The crash dump format has a limit of 42 (64 bits) and 86 (32 bits) physical address ranges. On some systems, the BIOS memory card may contain more than this number of non-contiguous regions. When a dump file is created on this machine, only the first 42 (64 bit) or 86 (32 bit) memory areas are stored in the file. The kernel and the complete memory dump of a Windows system may not contain all of the system memory.

If you open a dump file created on certain systems using Windows debugging tools (windbg.exe), you may receive an error message :

WARNING : Dump header physical memory block was truncated. Some valid physical pages may be inaccessible.

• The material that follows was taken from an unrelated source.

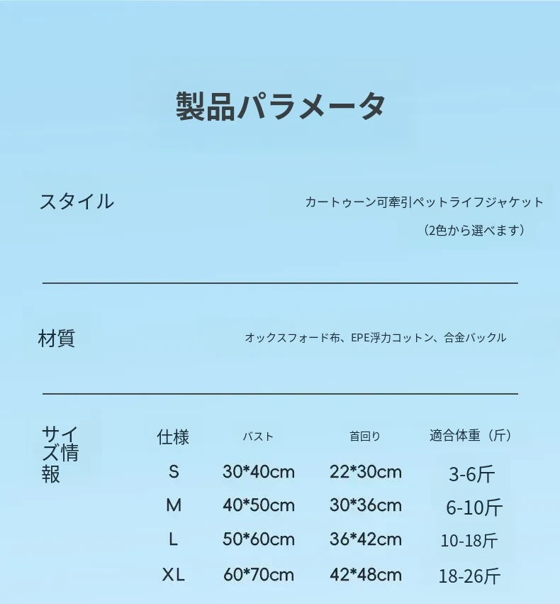 S(胸囲30*40cm、首囲22*30cm)推奨体重3-6斤

To avoid the problem, the OEM of the system concerned should change the firmware memory card to ensure that the number of physically contiguous physical memory areas exposed to the operating system does not exceed the above limits, explains KB2510168.

Sysinternale RamMap

The number of physical memory areas on a system can be determined with the Sysinternals RamMap tool. After downloading and running RamMap.exe, click the Physical Zones tab. Counting the number of beaches listed checks the number of physical beaches on a particular system.

RAMMap is an advanced utility for analyzing physical memory usage under Windows Vista and later. It displays usage information in different ways on its different tabs:

  • Use counts : Overview of usage by type and pagination list
  • Process: Working set sizes
  • Priority summary : Prioritized reserve list sizes
  • Physical pages : Use per page for all physical memory
  • Physical areas : Physical memory addresses
  • File summary :
  • File Details: Individual physical pages per file
  • Use RAMMap to understand how Windows manages memory to analyze application memory usage or to answer specific questions about how RAM is allocated.

RAmMap shows how Windows allocates physical memory, how much file data is cached to RAM, or how much RAM is used by the kernel and device drivers.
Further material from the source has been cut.